*PROBLEM TO WORK ON:* The expected output is the full data, repeated exactly, without pictures.

*RECORDED DATA:*
•••••
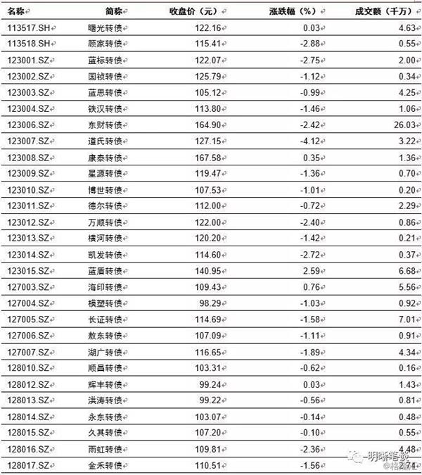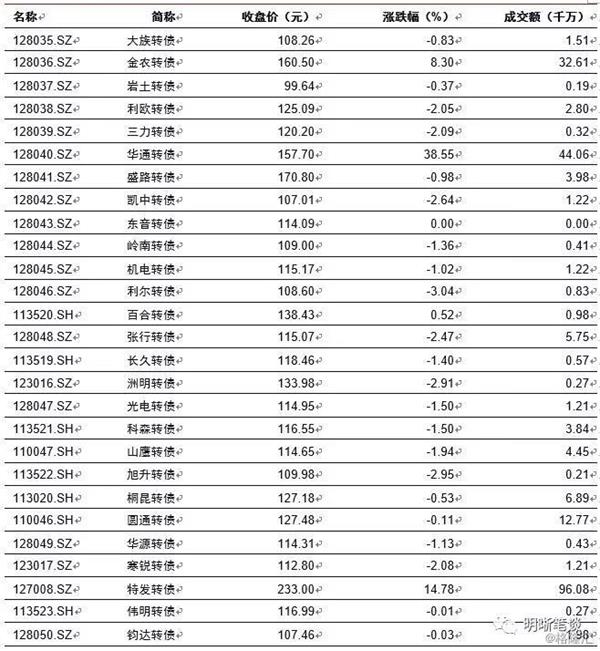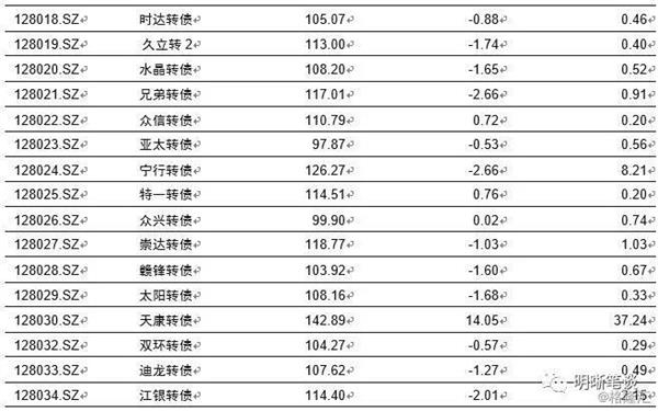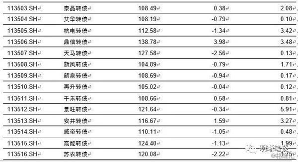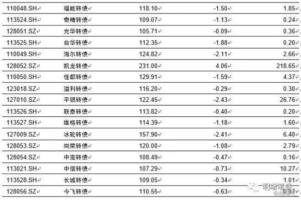 4月23日转债市场,平价指数收于103.33点,下跌2.02%,转债指数收于114.59点,下跌1.25%。148支上市可交易转债,除东音转债横盘外,26支上涨,121支下跌。其中华通转债(38.55%)、百姓转债(15.90%)、精测转债(14.90%)领涨,道氏转债(-4.12%)、富祥转债(-3.55%)、常熟转债(-3.14)领跌。148支可转债正股,除横盘外,30支上涨,117支下跌。其中,(10.03%)、(10.03%)、(10.00%)、(10.00%)领涨,(-5.30%)、(-5.87%)(-6.69%)领跌。
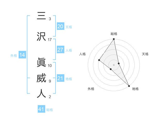 三沢 眞威人さんを姓名の画数から五運を鑑定
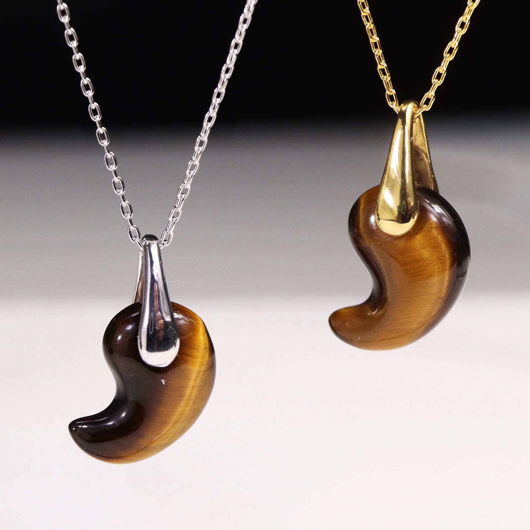 勾玉のシルエットをそのまま感じられるタイガーアイのネックレスです。
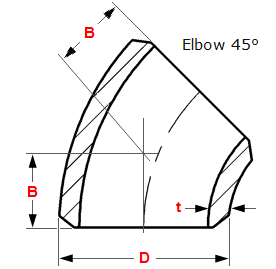 The radius of a 45° elbow is the same as the radius of the 90° LR (1.1/2D). However, the center to face dimension is not equivalent to the radius as in 90° LR elbows. This is measured from each face to the point of intersection of the center lines perpendicular to each other, distances B on the image. This is due to the smaller degree of bend. Short radius 45° elbows are not available.
•••••
*EXERCISE OUTPUT:*
 4月23日转债市场,平价指数收于103.33点,下跌2.02%,转债指数收于114.59点,下跌1.25%。148支上市可交易转债,除东音转债横盘外,26支上涨,121支下跌。其中华通转债(38.55%)、百姓转债(15.90%)、精测转债(14.90%)领涨,道氏转债(-4.12%)、富祥转债(-3.55%)、常熟转债(-3.14)领跌。148支可转债正股,除横盘外,30支上涨,117支下跌。其中,(10.03%)、(10.03%)、(10.00%)、(10.00%)领涨,(-5.30%)、(-5.87%)(-6.69%)领跌。
 三沢 眞威人さんを姓名の画数から五運を鑑定
 勾玉のシルエットをそのまま感じられるタイガーアイのネックレスです。
 The radius of a 45° elbow is the same as the radius of the 90° LR (1.1/2D). However, the center to face dimension is not equivalent to the radius as in 90° LR elbows. This is measured from each face to the point of intersection of the center lines perpendicular to each other, distances B on the image. This is due to the smaller degree of bend. Short radius 45° elbows are not available.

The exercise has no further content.